Cotswold Life’s editor Mike Lowe applauds Stroud’s gloriously ‘anti-Cotswold’ nature, explains how baked beans got him in hot water - as well as why this year we should have TWO Mother’s Days!

Great British Life: Mike LoweMike Lowe (Image: Archant)

I have long been fascinated by the myriad small companies that have moved into the old mills in the Stroud valleys. I regularly drive down the A46 from Nailsworth and I’m constantly spotting weird and wonderful enterprises springing up in those buildings that brought the area its first flush of warp and weft, work and wealth. I’m delighted then that we’ve finally got around to carrying a feature by Tracy Spiers on just a few of those businesses and the people who run them.

By happy coincidence, the January issue of Cotswold Life has turned into a bit of a Stroud special. I love the place – or at least I love having the place here. Whenever some metropolitan bore starts banging on about the stereotypical image of the Cotswolds, I summon up the great disruptive force that is Stroud (and Nailsworth and Dursley) and its people. Here the spirit of the bolshy Hugenots, who fled religious persecution in France for the safety of Gloucestershire in the 17th century, lives on. Here you’re just as likely to see a battered Citroen 2CV as a posh Range Rover. Stroud’s first MP was a Whig, not a Tory, a member of the party that supported non-conformism, free trade, the abolition of slavery and the expansion of suffrage. It is gloriously ‘anti-Cotswold’. If Chipping Campden is a chocolate Labrador, Stroud is a lurcher on a length of baling twine. And long may it stay that way.

***************

As an editor, you quickly learn never to be surprised at the seemingly innoccuous things which are capable of enraging your readers. In my case, the latest faux pas appears to be the appropriatness of baked beans on the fry-up plate. I had been unwise enough to suggest in the last issue that they had no part to play in the breakfast feast.

Now when your boss pulls you aside at a social event to tell you how annoyed he was with something that had appeared in the magazine, you tend to get a little bit worried. Here’s a man who’s in charge of 20 or so magazines and several newspapers. He doesn’t have the time to take an editor to task unless it’s something really important. What could I have possibly done to attract his ire? It turns out that he likes baked beans with his breakfast and was mortally offended that I might suggest otherwise.

It’s at times like this that a cunning editor turns to his ‘black file’, wherein lies a photograph of said boss dressed as a snowman at our Christmas party. I think my job is safe for now.

***************

Thanks to a production error elsewhere in our empire (nothing to do with us, guv, oh no) the date of Mother’s Day is incorrect in the beautiful 2015 calendar we gave away with the last issue of Cotswold Life. The calendar says March 29; the correct date is March 15 (which is the one we sent to our distant colleagues).

Now some editors would lose sleep over this grievous error.

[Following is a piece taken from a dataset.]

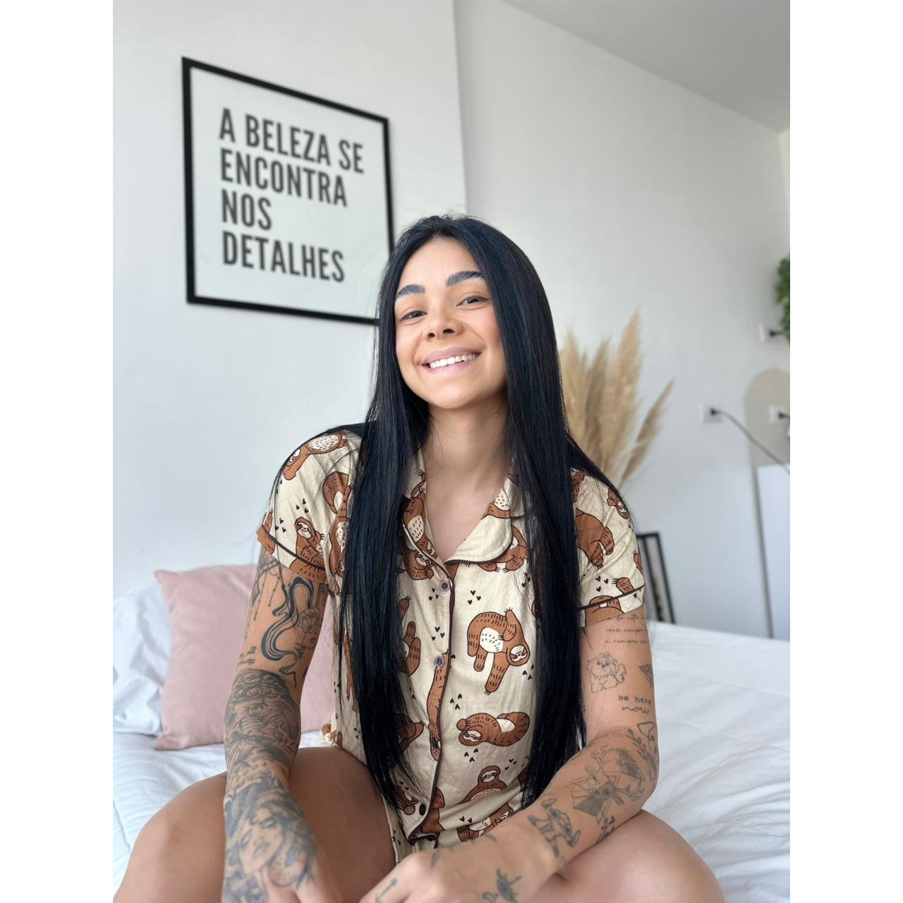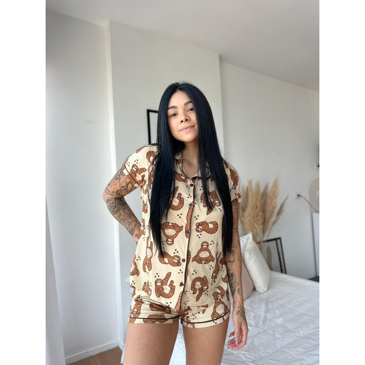 Pijama americano com botões, manga curta e shorts, com estampa de Bicho-preguiça. Confeccionado em viscolycra macia e confortável, perfeito para noites mais leves e cheias de estilo.

Others would rant and rage at anyone within range before sacking every single person even slightly involved in the flawed process. I like to think that I have mellowed down the years, so always try to look on the positive side. Here in the Cotswolds, therefore, we will have TWO Mother’s Days in 2015 – one on March 15 and another a fortnight later. Let’s face it, we should take every opportunity to celebrate our mothers. Another treat won’t go amiss.

---------------------

This article by Mike Lowe is from the January 2015 issue of Cotswold Life.